Dear Wendy: \”My Boyfriend Wants Us To become Bi-Coastal\”

I have been with my boyfriend for five years and we get along fairly well and are happy together. We live together in LA. He moved here in the new england about four years ago for our relationship, which he reminds of every time we argue (it doesn't matter what we're arguing about). He's been saying for 4 years that he desires to return east and wants me to go with him – simply temporarily. I have very close family here and recently finished graduate school and started my career and would need to pass an exam to be able to practice my focus on his coast. He, however, can work everywhere. I've told him I'd go out east with him temporarily – a couple of months – but which i don't wish to live there permanently. Lucrative says he wants me to commit to living the summers there – and it's the only method he can proceed with us (I'm in no rush to maneuver forward, but definitely desire a future with him). It's ludicrous to reside on two coasts and would be a major sacrifice when it comes to my career. I would like him to be happy, however i just know I won't be happy living there permanently and I don't believe living there part-time is realistic. – West Coast or Bust

Relationships are about compromise, but it doesn't appear to be you have in mind coming to a yourself. It is kind of been all about you and also what you want, hasn't it? Your loved ones, your house, your job. What about the man you're dating and what he wants? Doesn't he count at all? He's been telling you for four years that he wants to live out east and you've got been shutting him down having a listing of excuses. Now you're saying a move to the other coast would be a blow to your career. But you've just started your career! It's not like you've spent years building contacts and attracting clients you'll lose should you move. So, you'll need to take an exam to practice your work elsewhere. Well, take the exam! Show your boyfriend you're at least that committed to your relationship and his happiness. If you honestly desire a future with this man, venture out east and see the way you enjoy it. Maybe you will be surprised and find yourself happier there than you imagined. Maybe you will find it does not matter where you reside as long as you're using the person you love.
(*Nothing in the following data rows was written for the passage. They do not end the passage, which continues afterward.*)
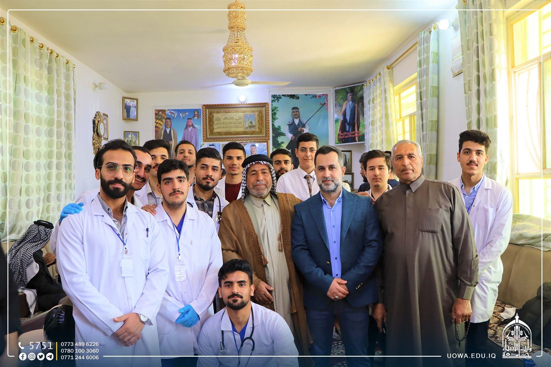 ضمن مبادرة "بركات الانوار المحمدية" التي اطلقتها هيئة الصحة والتعليم الجامعي في العتبة الحسينية المقدسة بمناسبة الولادات الشعبانية المباركة، اقامت كلية الطب بالتعاون مع كلية التمريض في جامعة وارث الانبياء(عليه السلام)، جولة ميدانية للقرى في اطراف محافظة كربلاء المقدسة بإشراف عمادة كلية الطب لتقديم الدعم الطبي لساكني هذه القرى و الاستشارات الطبية لهم.
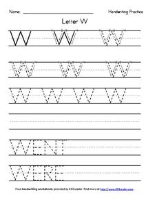 In this upper case W worksheet, students trace and write the lower case letter W and W words. Students trace and write 6 lines on this worksheet.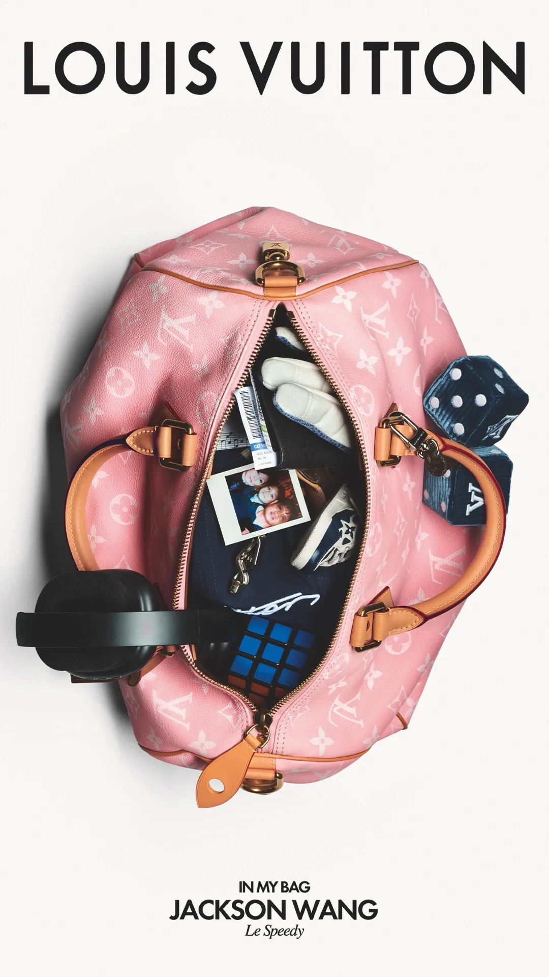 Il cantante e performer Jackson Wang sceglie invece un approccio più intimo, inserendo elementi legati alla sfera personale come fotografie, gadget e piccoli oggetti simbolici, oltre a accessori per l’intrattenimento quotidiano.

But if you cannot bear the idea of leaving your home, and sometimes it means keeping the relationship, perhaps this isn't the best man for you. One of the hallmarks of the healthy relationship along with a good match is really a willingness to create sacrifices for the person you love. Your boyfriend was prepared to make a big one for you by moving. Are you prepared to return the favor? I recieve that it's a huge favor to give. We aren't talking about watching someone's kids for that afternoon or giving a friend's resume the once-over. Moving would be a life-changing event, also it might be that you are not invested in this individual you \”get together with fairly well\” to take that step. And you understand what? That's OK. But be truthful about that – with yourself as well as your boyfriend. He deserves that much.

I recently got a text from a girl saying she just wanted to be friends and it wasn't exercising and she or he didn't wish to waste my time. I appreciated that, but then she sent another text saying she doesn't know wrong together with her, because I'm among the nicest guys she's ever met. What is the cope with that? This appears to happen often. – The Nice Guy

You don't say how old you are, but I will go out on a limb and guess you're still inside your teens or early 20s. Girls at that age tend to have the bad practice of chasing guys who aren't terribly nice. They know they'd apt to be better off with someone like you (hence the \”I have no idea wrong with me\” texts you get), however they cannot stop themselves from going after jerks who treat them like crap. Why? Hell if I know. It probably has something related to their low self-esteem. They haven't developed an appreciation for his or her self-worth and, as a consequence, are attracted to jerks who treat them such as the crap they believe they are.

The great news isn't that every girl for the reason that age bracket is like that, as well as the majority of the ones who're tend to outgrow their bad-boy-loving phase by their late 20s or early 30s. If you cannot wait too long to locate a nice girl who appreciates you, start casting a wider net within the dating pool. Pursue girls who are more overlooked by other guys: the studious girls, the quirky/artsy types, the funny/sarcastic chicks, the girls who're some weight heavier than your typical cheerleader. Because while you've been getting dissed by the girls who \”just want to be friends,\” these young ladies happen to be awaiting a pleasant guy just like you in the future along and demonstrate to them a little attention. And if you play your cards right, you may end up with a cooler girlfriend than those other ladies could have been.